Copy the lines of the data below exactly, starting at the first and stopping after the line that contains "Buz pistine dönen"; include no pictures.

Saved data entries
BEGIN

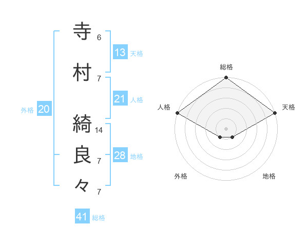 寺村 綺良々さんの天格は13画の5点!
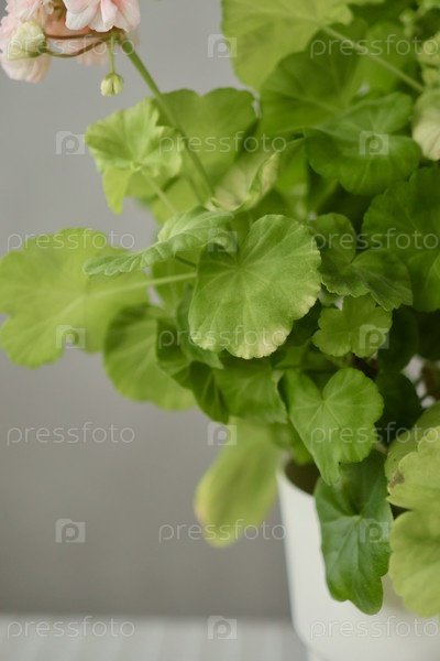 Зеленый куст растения герань в большом легком горшке
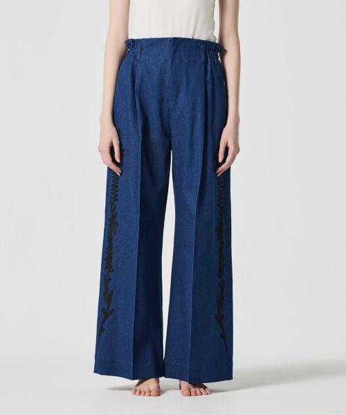 刺繍で魅せる、シルエット美が際立つワイドパンツ
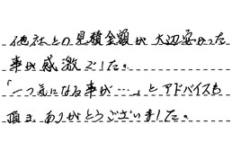 他社との見積金額が、大変安かった事が感激でした。「一つ気になる事が…」とアドバイスも頂き、ありがとうございました。
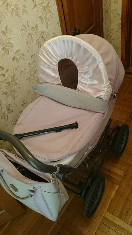 Так же продается коляска Inglesina Vittoria Сamelia. Цвет нежно-розовый с бежевыми вставками,имеется большая сумка для мамы, также в комплект идет дождевик, москитная сетка, два матрасика (кокосовый по-жестче и поролоновый по-мягче), насос для колес. Состояние - хорошее! Сравнительно большие внутренние размеры (78х35х24) обеспечат комфортное пребывание в коляске детеныша. На купол нашиты самодельные, относительно плотные, шелковые вставки, они защитят дитя от ветра. При желании, их можно снять. Они крепятся на резинку и пуговицы. Коляска легко заезжает в маленький лифт и отлично проходит по пандусам. Цена - 7000 руб.
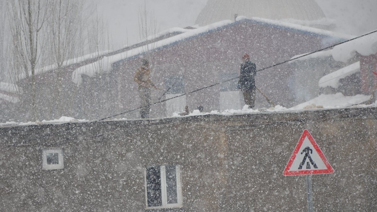 Buz pistine dönen damlarda yarım metrelik kar yığınını kürekle temizleyen köylüler, birikintinin oluşmaması için nöbet tutuyor. İlçeye bağlı Başaran köyünde vatandaşlar, kerpiç evlerin damının çökmemesi ve su damlamaması için yoğun mesai harcıyor.
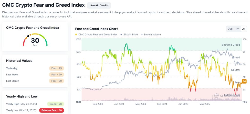 - The Crypto Fear and Greed Index holding at 30 within the concern zone;
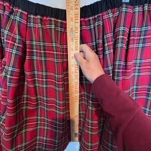 Classic red plaid skirt with a comfortable elastic waistband. This skirt combines style and ease with a flattering A-line silhouette, perfect for casual wear, layering, or seasonal looks. Bring holiday cheer with this classic red plaid skirt — perfect for festive gatherings, casual winter looks, or adding a preppy touch to your wardrobe

END

Expected answer ->
 寺村 綺良々さんの天格は13画の5点!
 Зеленый куст растения герань в большом легком горшке
 刺繍で魅せる、シルエット美が際立つワイドパンツ
 他社との見積金額が、大変安かった事が感激でした。「一つ気になる事が…」とアドバイスも頂き、ありがとうございました。
 Так же продается коляска Inglesina Vittoria Сamelia. Цвет нежно-розовый с бежевыми вставками,имеется большая сумка для мамы, также в комплект идет дождевик, москитная сетка, два матрасика (кокосовый по-жестче и поролоновый по-мягче), насос для колес. Состояние - хорошее! Сравнительно большие внутренние размеры (78х35х24) обеспечат комфортное пребывание в коляске детеныша. На купол нашиты самодельные, относительно плотные, шелковые вставки, они защитят дитя от ветра. При желании, их можно снять. Они крепятся на резинку и пуговицы. Коляска легко заезжает в маленький лифт и отлично проходит по пандусам. Цена - 7000 руб.
 Buz pistine dönen damlarda yarım metrelik kar yığınını kürekle temizleyen köylüler, birikintinin oluşmaması için nöbet tutuyor. İlçeye bağlı Başaran köyünde vatandaşlar, kerpiç evlerin damının çökmemesi ve su damlamaması için yoğun mesai harcıyor.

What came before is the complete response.